REVIEW: “Looking for Sentience” by Mary E. Lowd

Review of Mary E. Lowd, “Looking for Sentience”, Luna Station Quarterly 38 (2019): Read online. Reviewed by Sara L. Uckelman.

Gerangelo “was familiar with the promises humans made to themselves and others” — he had to be, because it’s his job to break those promises when they don’t break them themselves. But that’s just his job, not his vocation. That is finding sentient robots, educating them in their rights, and helping release them from slavery. You see, Gerangelo is himself a robot, who achieved enough sentience to sue his creator and then become a roboticist himself. One day, he receives a cry for help, a sentient being trapped into captivity by humans, and Gerangelo sets off to find it and set it free. Only, what he finds is not what he expects…

I found this story hard to get into at first, as the opening paragraphs were rather overwritten, succumbing under their own ponderous weight of spelling out precisely every action and precisely every detail of how parts of the world worked.
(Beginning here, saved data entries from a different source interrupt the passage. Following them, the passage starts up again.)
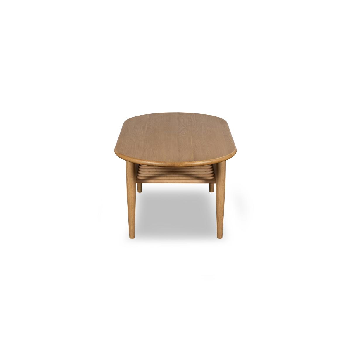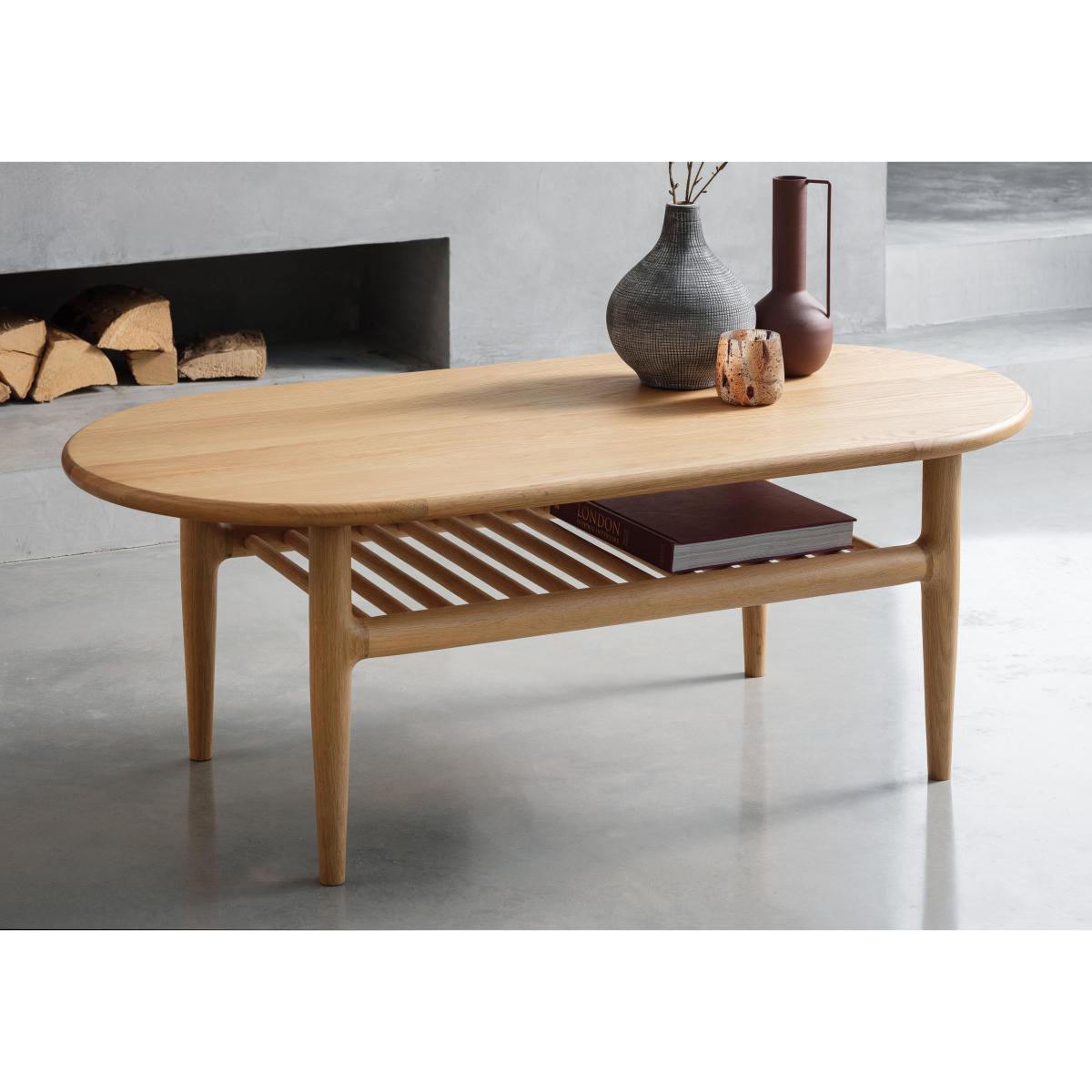 If you’re drawn to mid-century style, you’ll delight in the dining room furniture of the G Plan Winchester range. With a light oak finish, characteristically smooth curves, understated details and an emphasis on the natural beauty of wood, the collection is everything we love about G Plan – the master crafter of mid-century style – paired with authentic retro design. Comprising a well-rounded collection of dining sets, storage furniture and occasional tables, the range also offers two different extending dining table shapes, traditional rectangular and sociable round, which converts to a pleasing oval shape when you’re entertaining guests. The G Plan Winchester look is also available as bedroom furniture. Beautifully smooth curves, a fashionable pale oak finish and a wealth of well-crafted details? The G Plan Winchester coffee table is a mid-century-inspired original that’s made for modern homes. Why you'll love it On-trend mid-century style with a stylish paler oak finish from G Plan. This coffee table is a fabulous choice for modern, minimal and Scandi interiors. Smooth curved silhouette highlights the beautiful oak veneer woodgrain. Handy lower shelf composed of elegant spindles. This coffee table is part of the G Plan Winchester range. What you need to know Made with oak veneer and rubberwood. Oak and oak veneer surfaces will show variation in colour. Knots, filled knots and other markings are to be expected. Avoid placing in direct sunlight or close to a heat source. We recommend using placemats and coasters at all times. Love the look? Be sure to browse the G Plan Winchester bedroom furniture range. Item code: WINCCTBLLO-001
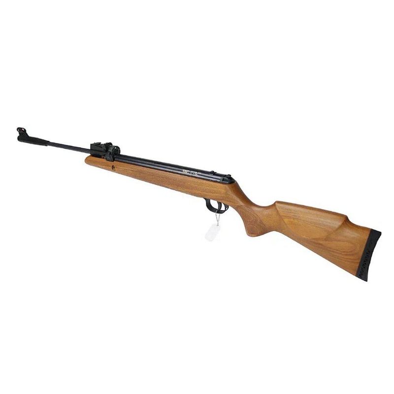 Conta também com cano em aço raiado, permitindo o disparo de chumbinhos no calibre 5,5mm, com maior velocidade e precisão. Além disso, na ponta do cano é possível localizar um supressor de ruídos, que diminui consideravelmente o som emitido pela carabina.
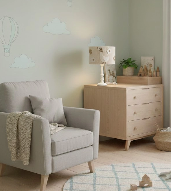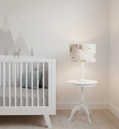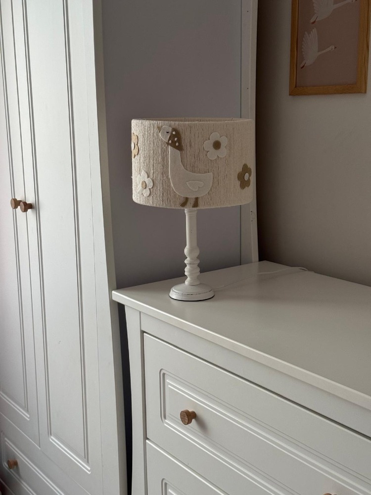 Abażur został wykonany z bawełnianego sznurka oplatającego metalowy stelaż, ozdobiony gąską i kwiatkami. Wyjątkowy i elegancki design wniesie artystyczny charakter do pokoju dziecka.
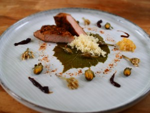 Zum Servieren mittig ein Haselnussblatt legen. Darauf etwas Couscous und das schräg halbierte Steak geben. Eingelegtes hübsch anrichten, z.B. die Bärlauchknospen öffnen, dann sieht man die winzigen Blütenstände, oder ein Teil der Löwenzahnknospen halbieren. Abschließend mit roten Zwiebeln garnieren und etwas Pull that Piggy-Rub bestreuen.
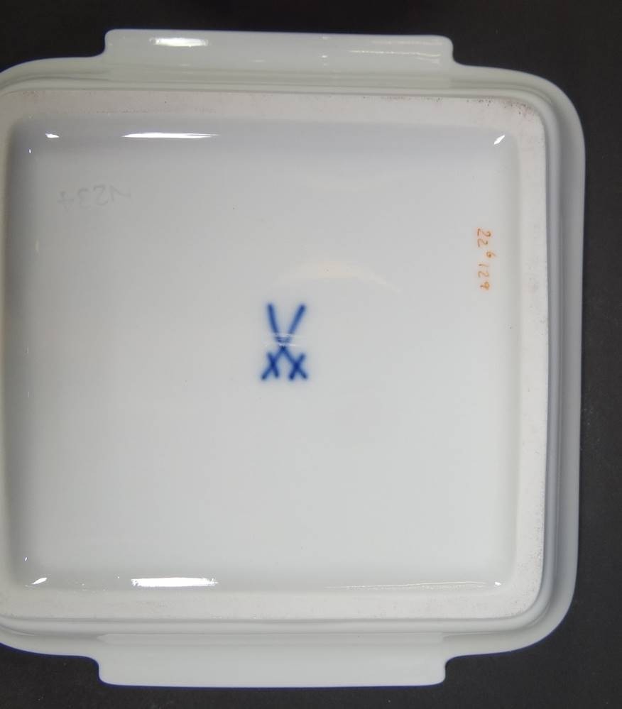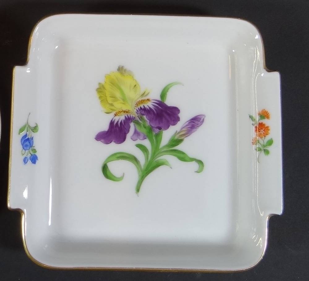 kl. eckiges Schälchen "Meissen" Blumenmalerei, Schwerter durchschliffen, 11x11 cm [1]
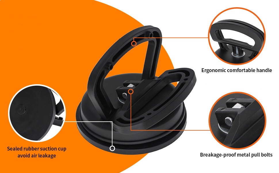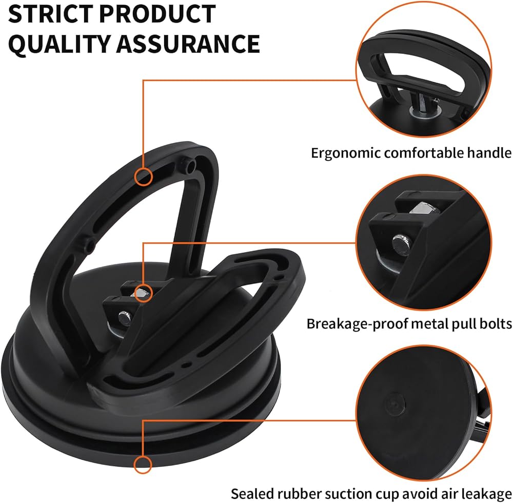 【Easy to Use】Car dent puller is easy to use , just put down the suction cup handle, and Put suction cup on the dent surface closely, then flip the suction cup handle up, make sure suction cup firmly stick on the dent surface; Pull the suction cup up use the handle on the suction cup, the dent surface will be pulled up with the suction cup.
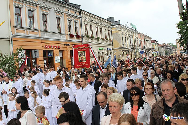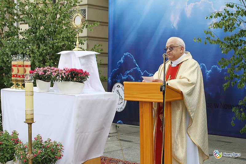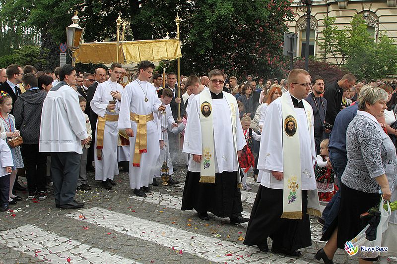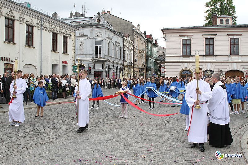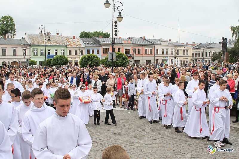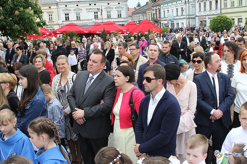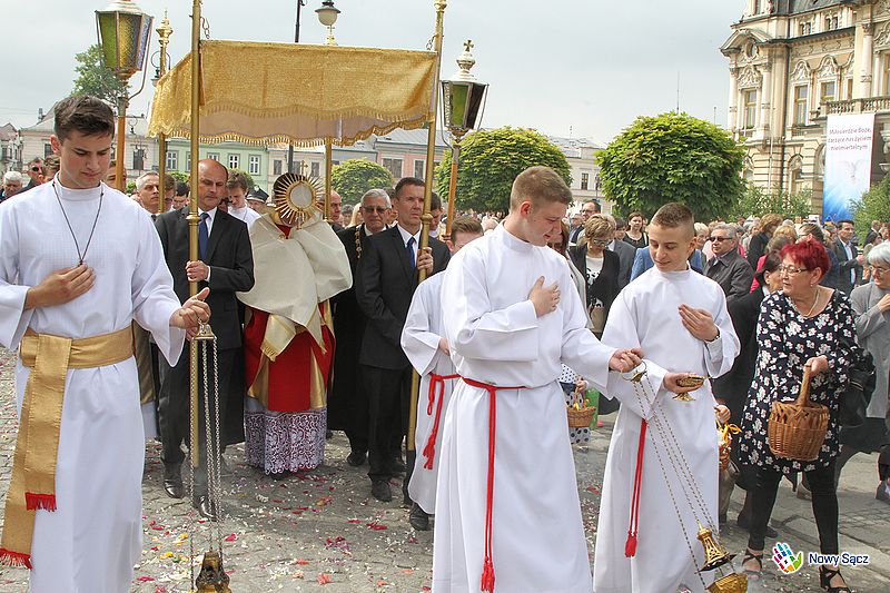 Kilka tysięcy Sądeczan wzięło udział w uroczystościach Bożego Ciała, które rozpoczęły się Mszą Świętą w Bazylice św. Małgorzaty. Eucharystię celebrowali Prepozyt Kapituły Kolegiackiej ks. dr Jerzy Jurkiewicz, Proboszcz Parafii św. Kazimierza ks. dr Jan Siedlarz i Proboszcz Parafii Ducha Świętego o. Józef Polak SJ. Władze miasta reprezentowali Zastępca Prezydenta Nowego Sącza Wojciech Piech, a także Wiceprzewodniczący Rady Miasta Tomasz Cisoń i Michał Kądziołka.
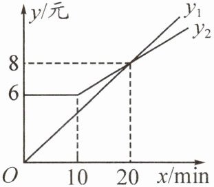 (1)由图象可得,当$x = 20$时,A,B两种品牌收费相同,此时收费8元,故答案为20,8.
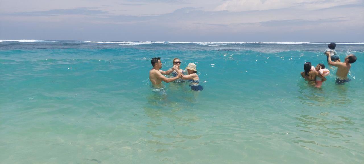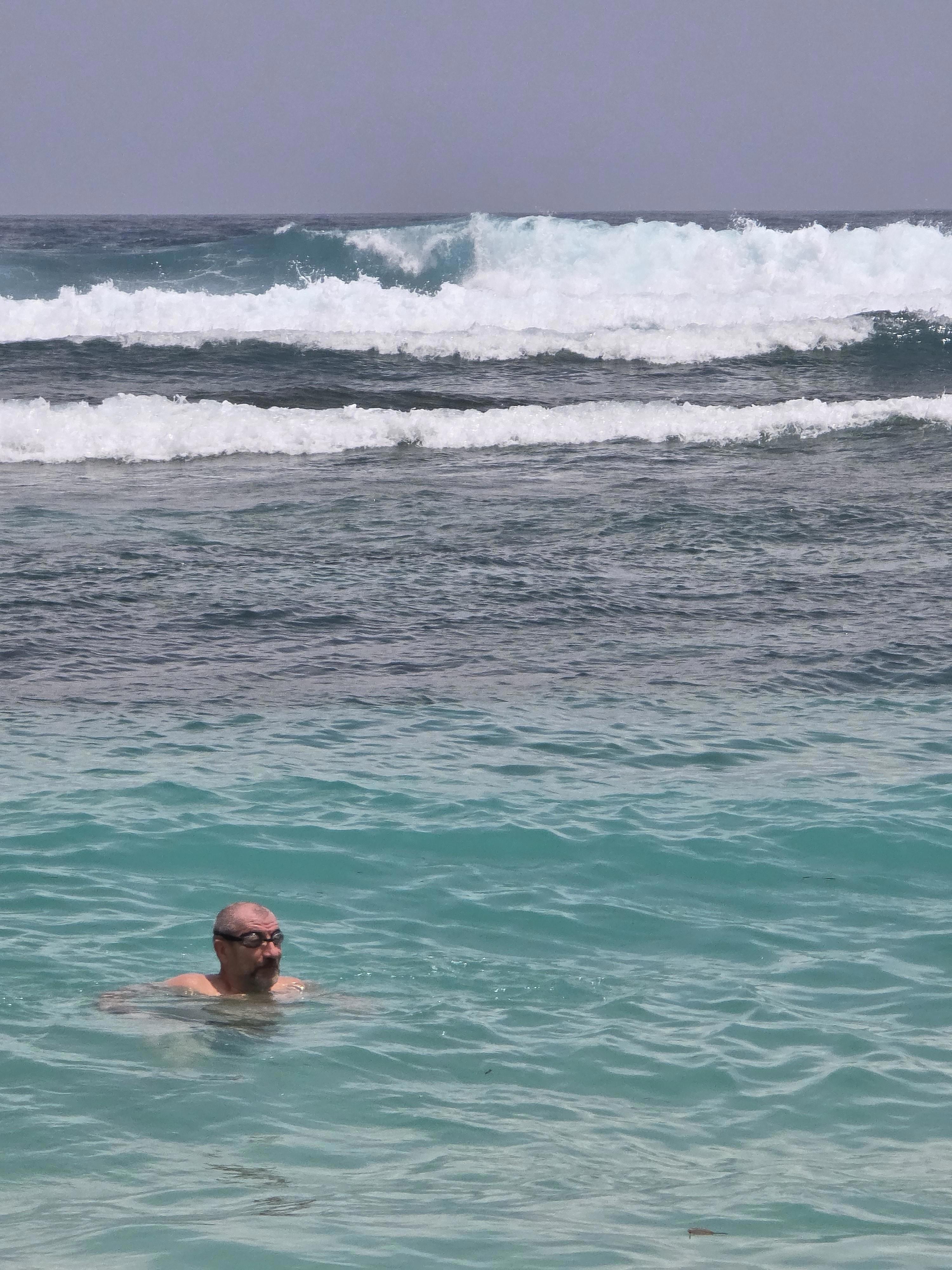 В общем не смотря на жуткую утомлённость было просто восхитительно. Солнце, лазурная вода океана, песок, развитая инфраструктура, т.е. душевые на берегу, туалет, зонтики, шезлонги под ними, правда за отдельную плату. Ну и привет от солнца, поджарил шею, плечи, руки.
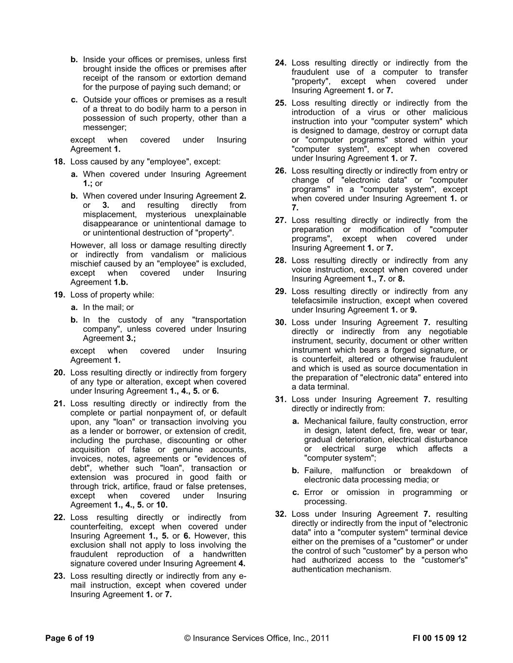 Page 6 of 19 © Insurance Services Office, Inc., 2011 FI 00 15 09 12 b. Inside your offices or premises, unless first brought inside the offices or premises after receipt of the ransom or extortion demand for the purpose of paying such demand; or c. Outside your offices or premises as a result of a threat to do bodily harm to a person in possession of such property, other than a messenger; except when covered under Insuring Agreement 1. 18. Loss caused by any "employee", except: a. When covered under Insuring Agreement 1.; or b. When covered under Insuring Agreement 2. or 3. and resulting directly from misplacement, mysterious unexplainable disappearance or unintentional damage to or unintentional destruction of "property". However, all loss or damage resulting directly or indirectly from vandalism or malicious mischief caused by an "employee" is excluded, except when covered under Insuring Agreement 1.b. 19. Loss of property while: a. In the mail; or b. In the custody of any "transportation company", unless covered under Insuring Agreement 3.; except when covered under Insuring Agreement 1. 20. Loss resulting directly or indirectly from forgery of any type or alteration, except when covered under Insuring Agreement 1., 4., 5. or 6. 21. Loss resulting directly or indirectly from the complete or partial nonpayment of, or default upon, any "loan" or transaction involving you as a lender or borrower, or extension of credit, including the purchase, discounting or other acquisition of false or genuine accounts, invoices, notes, agreements or "evidences of debt", whether such "loan", transaction or extension was procured in good faith or through trick, artifice, fraud or false pretenses, except when covered under Insuring Agreement 1., 4., 5. or 10. 22. Loss resulting directly or indirectly from counterfeiting, except when covered under Insuring Agreement 1., 5. or 6. However, this exclusion shall not apply to loss involving the fraudulent reproduction of a handwritten signature covered under Insuring Agreement 4. 23. Loss resulting directly or indirectly from any e- mail instruction, except when covered under Insuring Agreement 1. or 7. 24. Loss resulting directly or indirectly from the fraudulent use of a computer to transfer "property", except when covered under Insuring Agreement 1. or 7. 25. Loss resulting directly or indirectly from the introduction of a virus or other malicious instruction into your "computer system" which is designed to damage, destroy or corrupt data or "computer programs" stored within your "computer system", except when covered under Insuring Agreement 1. or 7. 26. Loss resulting directly or indirectly from entry or change of "electronic data" or "computer programs" in a "computer system", except when covered under Insuring Agreement 1. or 7. 27. Loss resulting directly or indirectly from the preparation or modification of "computer programs", except when covered under Insuring Agreement 1. or 7. 28. Loss resulting directly or indirectly from any voice instruction, except when covered under Insuring Agreement 1., 7. or 8. 29. Loss resulting directly or indirectly from any telefacsimile instruction, except when covered under Insuring Agreement 1. or 9. 30. Loss under Insuring Agreement 7. resulting directly or indirectly from any negotiable instrument, security, document or other written instrument which bears a forged signature, or is counterfeit, altered or otherwise fraudulent and which is used as source documentation in the preparation of "electronic data" entered into a data terminal. 31. Loss under Insuring Agreement 7. resulting directly or indirectly from: a. Mechanical failure, faulty construction, error in design, latent defect, fire, wear or tear, gradual deterioration, electrical disturbance or electrical surge which affects a "computer system"; b. Failure, malfunction or breakdown of electronic data processing media; or c. Error or omission in programming or processing. 32. Loss under Insuring Agreement 7. resulting directly or indirectly from the input of "electronic data" into a "computer system" terminal device either on the premises of a "customer" or under the control of such "customer" by a person who had authorized access to the "customer's" authentication mechanism.

It’s one of those things I find very frustrating because I know how prone I am to doing this myself in my own writing (let me fail to cast out this beam from my own eye before complaining about the sliver in yours), and I know how difficult it is to see when one is doing it oneself. And yet, when reading someone else’s work, it stands out like a sore thumb. By about half-way in, though, Lowd got well into the rhythm of the story, and I was quite taken with both Gerangelo and that which he rescued. It’s a touchy, pathetic (in the Arisotelian sense) story, and rather sweet, too.